15

Геннадий Кузьмин взволнованно шагал из угла в угол. Но Силантьев, склонившись над письменным столом, весь углубился в изучение результатов последнего опыта и, казалось, не обращал внимания на своего помощника, Старик хорошо знал, что в конце концов юноша не выдержит и сам все расскажет ему.

— Отчего так бывает, Всеволод Александрович, — чем больше думаешь о предмете своей мечты, тем явственней он отдаляется от тебя? Может быть здесь действует какой-то закон человеческой психики?

— А что это за предмет? — спросил главный конструктор. — Какая-нибудь хорошенькая девушка, этакая стройная, высокая?

Геннадий в ответ грустно улыбнулся:

— О, нет. Скорее всего холодная, бледная и… круглая. Ах, Всеволод Александрович! Если сегодня что-либо и заставило меня потерять покой и сон, так это… Венера.

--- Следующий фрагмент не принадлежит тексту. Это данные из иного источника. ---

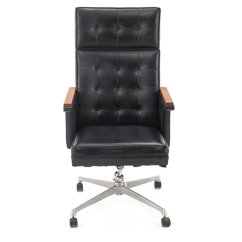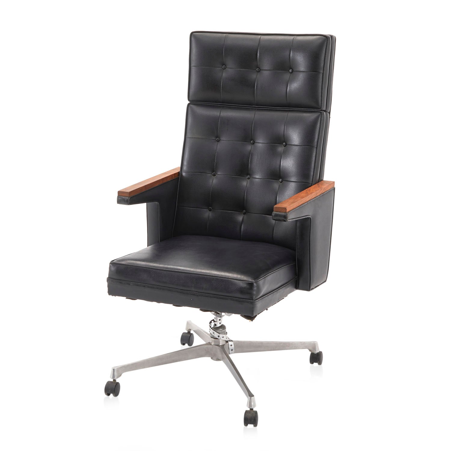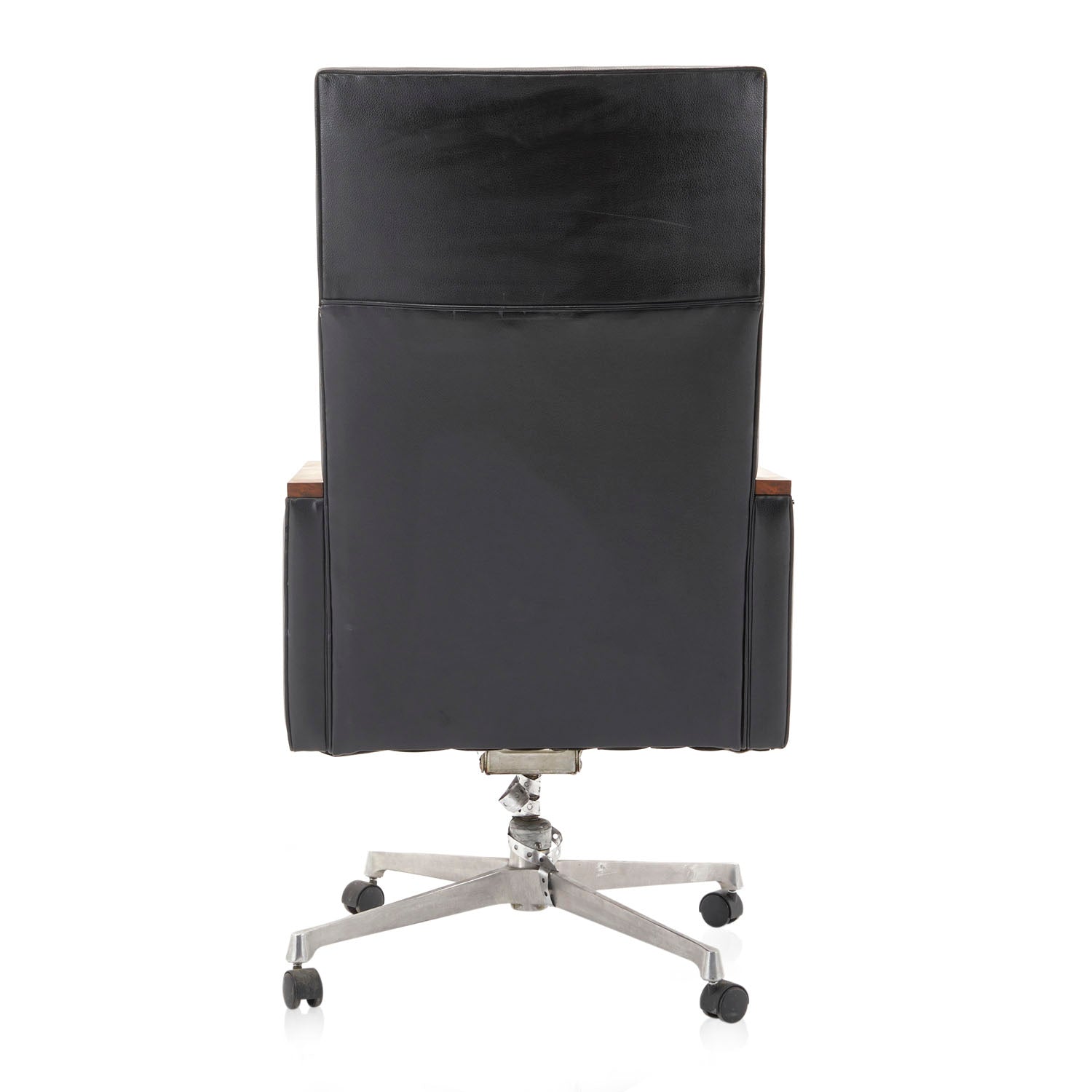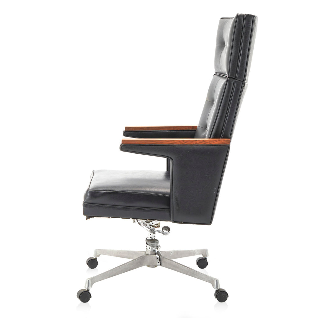 Details: Black tufted leather executive arm chair with metal rolling base and wood arms

— Венера? — сделал удивленное лицо Силантьев. — А я, бедняжка, был уверен, что с некоторого времени твои мечты вращаются возле сугубо земных существ.

Геннадий сделал вид, будто не понял прозрачного намека главного конструктора, а Всеволод Александрович продолжал:

— Насколько я понимаю, тебе уже тесно на нашей планете, истоптанной вдоль и поперек столькими знаменитыми предками. Что ж, тем лучше, дорогой Геннадий! «Слух обо мне дойдет до всех углов Вселенной!» — Вскоре ты сможешь сказать о себе этими словами поэта. Лично я в том не сомневаюсь. Другое удивляет меня: почему, открыв мне тайну предмета твоей мечты, ты сказал, что он удаляется от тебя? Ведь именно сейчас движение Венеры по орбите вошло в ту фазу, когда расстояние между ней и Землей сокращается. Видать, ты еще совсем новичок в астрономии!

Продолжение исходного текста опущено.